WHAT TO WORK ON
Retype the whole listing, please, keeping every line exact and dropping the pictures.

STUDY MATERIAL
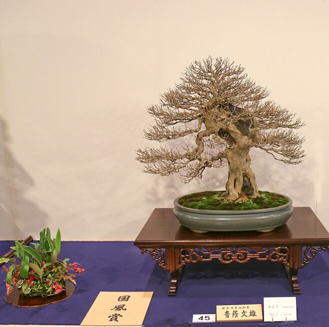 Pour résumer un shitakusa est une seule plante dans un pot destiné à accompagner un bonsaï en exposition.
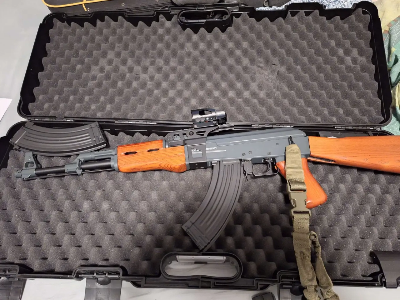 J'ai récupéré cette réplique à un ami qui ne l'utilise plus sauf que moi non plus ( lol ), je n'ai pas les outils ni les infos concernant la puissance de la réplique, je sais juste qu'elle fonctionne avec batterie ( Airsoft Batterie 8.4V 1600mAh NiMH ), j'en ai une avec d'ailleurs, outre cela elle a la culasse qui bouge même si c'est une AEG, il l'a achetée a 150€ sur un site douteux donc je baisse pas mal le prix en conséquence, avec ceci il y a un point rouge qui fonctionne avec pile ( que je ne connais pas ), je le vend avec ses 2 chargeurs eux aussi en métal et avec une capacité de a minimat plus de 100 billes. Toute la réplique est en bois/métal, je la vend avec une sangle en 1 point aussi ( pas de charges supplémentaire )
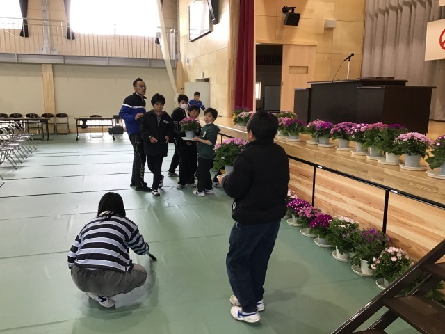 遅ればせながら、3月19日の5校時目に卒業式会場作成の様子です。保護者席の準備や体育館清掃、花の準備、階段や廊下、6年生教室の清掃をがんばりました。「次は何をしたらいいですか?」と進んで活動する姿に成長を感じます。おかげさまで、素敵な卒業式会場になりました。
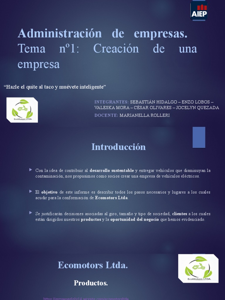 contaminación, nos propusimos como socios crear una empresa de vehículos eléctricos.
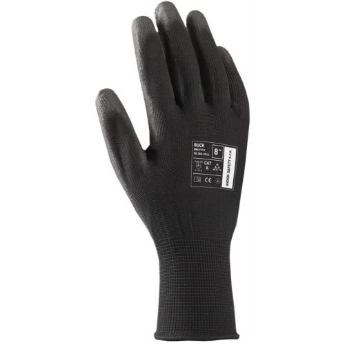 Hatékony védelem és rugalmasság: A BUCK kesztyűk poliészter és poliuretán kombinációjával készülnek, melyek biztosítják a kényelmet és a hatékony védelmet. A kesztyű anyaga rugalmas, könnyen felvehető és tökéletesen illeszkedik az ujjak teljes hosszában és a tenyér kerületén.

RESULT
 Pour résumer un shitakusa est une seule plante dans un pot destiné à accompagner un bonsaï en exposition.
 J'ai récupéré cette réplique à un ami qui ne l'utilise plus sauf que moi non plus ( lol ), je n'ai pas les outils ni les infos concernant la puissance de la réplique, je sais juste qu'elle fonctionne avec batterie ( Airsoft Batterie 8.4V 1600mAh NiMH ), j'en ai une avec d'ailleurs, outre cela elle a la culasse qui bouge même si c'est une AEG, il l'a achetée a 150€ sur un site douteux donc je baisse pas mal le prix en conséquence, avec ceci il y a un point rouge qui fonctionne avec pile ( que je ne connais pas ), je le vend avec ses 2 chargeurs eux aussi en métal et avec une capacité de a minimat plus de 100 billes. Toute la réplique est en bois/métal, je la vend avec une sangle en 1 point aussi ( pas de charges supplémentaire )
 遅ればせながら、3月19日の5校時目に卒業式会場作成の様子です。保護者席の準備や体育館清掃、花の準備、階段や廊下、6年生教室の清掃をがんばりました。「次は何をしたらいいですか?」と進んで活動する姿に成長を感じます。おかげさまで、素敵な卒業式会場になりました。
 contaminación, nos propusimos como socios crear una empresa de vehículos eléctricos.
 Hatékony védelem és rugalmasság: A BUCK kesztyűk poliészter és poliuretán kombinációjával készülnek, melyek biztosítják a kényelmet és a hatékony védelmet. A kesztyű anyaga rugalmas, könnyen felvehető és tökéletesen illeszkedik az ujjak teljes hosszában és a tenyér kerületén.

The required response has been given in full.